Bob LeChevalier wrote:


I think that is part of the problem. People want to jump from Aesop's fables, which are a paragraph long, without a standard text so that people feel more free to take liberties with the wording, and then jump to novels of great length, often loaded with the sorts of odd uses of language that would tend to attract Lojbanists (no insult intended to the Alice translators).

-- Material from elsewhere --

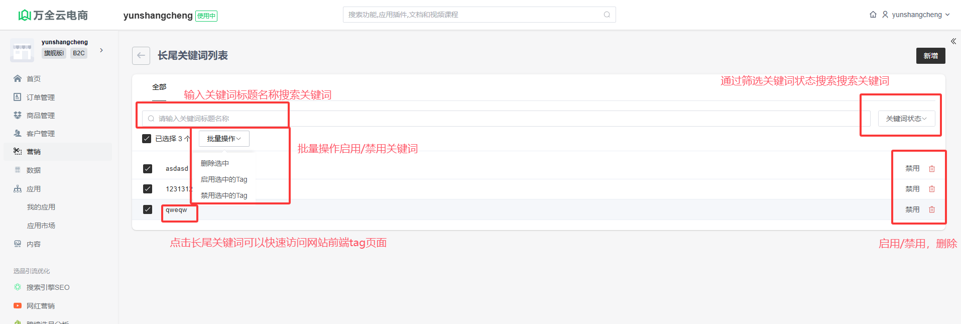 查找:通过长尾关键词的状态或名称来搜索长尾关键词;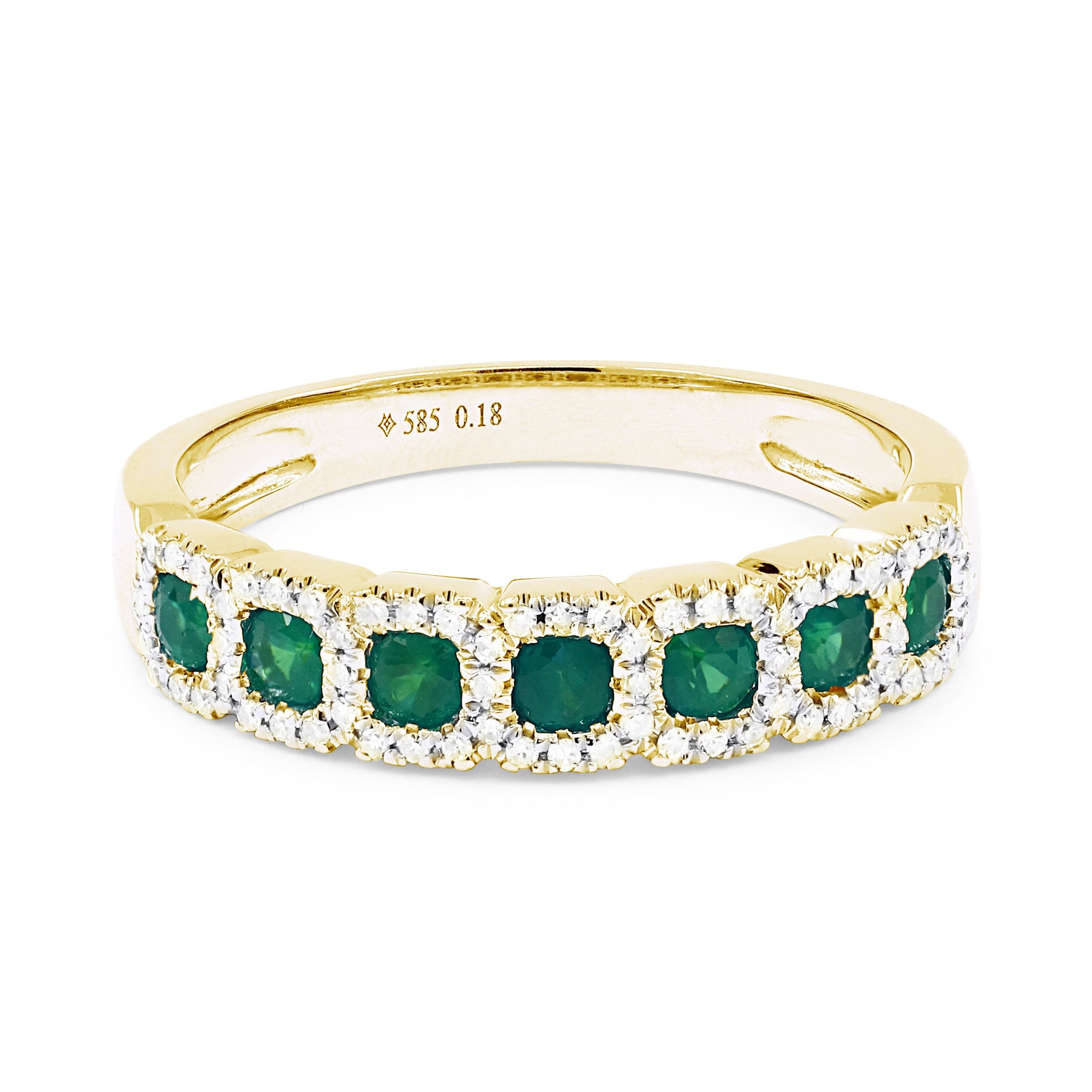 Beautiful Hand Crafted 14K Yellow Gold 3MM Emerald And Diamond Arianna Collection Ring

Athelstan was wise in tackling a Saki short story 16 years ago. There are plenty of these, they are only a few pages long so they can be translated much more quickly than a novel, and they are short enough that a lot of relatively novice Lojbanists would be inclined to try to read the text (I don't expect that there will be much market for the Lojban translations of "War and Peace" or "Les Miserables" for a good while).

lojbab

I understand where you are getting to with this and I agree in principle. However. Many years ago, frustrated with trying to learn french, I decided to read 20,000 leagues under the sea. I'd picked it up at a second hand shop for a dollar. When I started I had no idea, but by the time I'd read it I could read passable french. The advantage of reading a long text using a single voice (writer) in their own style is like any repetative excercise, after a while it starts to become easier and more fluid. Though the work of an individual translator or writer may be idiomatic in form (ie englishy or obtuse when compared to a refference text) it acts as a great facilitator for learning, as the subject and narrative elements become increasingly well known and odd uses and referents can be intuited. This is not unlike how we learn natural languages, and I believe the benefit of reading of long texts (over example texts and drills) is often underestimated.